Home / Poker News August 2008 / Another FTOPS event reaches a $1,500,000 prize-pool. Player “bmf283” wins event #12
Another FTOPS event reaches a $1,500,000 prize-pool. Player “bmf283” wins event #12
Posted by: James Carter. - Tue, 2008-08-12 14:39
The FTOPS is a perpetual source of high stakes online poker excitement. Event # 12, a $1,000+$60 NL Holdem event had no fewer than 1,405 participants, which is truly impressive considering the size of the buy-in.
Big names once again missed out on final table action, one of them though, Phil Gordon, only missed it by a hair.
Event #12 was a short-handed 6 player only one, so the final table only had 6 players and it looked like this: The chip lead was held by Kevin Saul (“GetPWN3d”) with 2,136,044 chips, followed up close by bigtonyk123 with 1,727,844, omalos with 1,080,300, Ram Vaswani with 818,266, Garbally with 702.859 and Ben Fineman (“bmf823”) with 559,687 chips.
Kevin Saul was in great shape going into final table play, and he sure enough managed to build up a loose enough table image to get called down on solid hands. This cost bigtonyk123 his tourney life as he went all in an a J,10 only to be called down by Saul with Q,A. The board gave the latter a pair of Aces and bigtonyk123 was sent packing.
Ram Vaswani got crippled by Ben Fineman on a hand in which he had hoped to trap the latter for all his chips.
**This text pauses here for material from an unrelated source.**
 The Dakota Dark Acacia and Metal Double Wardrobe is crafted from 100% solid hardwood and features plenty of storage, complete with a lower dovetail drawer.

That hit was enough to set Vaswani up for elimination a few hands later.
He eventually fell to Kevin Saul, when he shoved the last of his chips in on an A,9 against Saul’s K,10. The flop gave Saul a pair of 10s, and that sealed Vaswani’s fate.
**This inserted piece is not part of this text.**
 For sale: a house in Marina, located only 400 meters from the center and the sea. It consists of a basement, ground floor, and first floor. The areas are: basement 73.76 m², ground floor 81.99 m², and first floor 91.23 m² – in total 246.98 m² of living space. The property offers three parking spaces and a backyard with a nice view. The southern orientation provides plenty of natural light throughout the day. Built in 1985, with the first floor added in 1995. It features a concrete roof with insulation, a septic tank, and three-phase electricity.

Despite the fact that he built up a sizeable chip lead, Kevin Saul would be the one eliminated in 4th place. He got his pocket aces cracked by omalos who held pocket 7s and got another 7 on the river.
Omalos would leave next, in 3rd, at the hands of Ben Fineman who had built up a nice chip-lead by then.
Ben Fineman would eventually go on to eliminate Garbally in heads-up play, when his A,10 bested the latter’s 4,4 on a board of A,3,J,J,5. The first prize was $300,000. Second place man earned $198,000.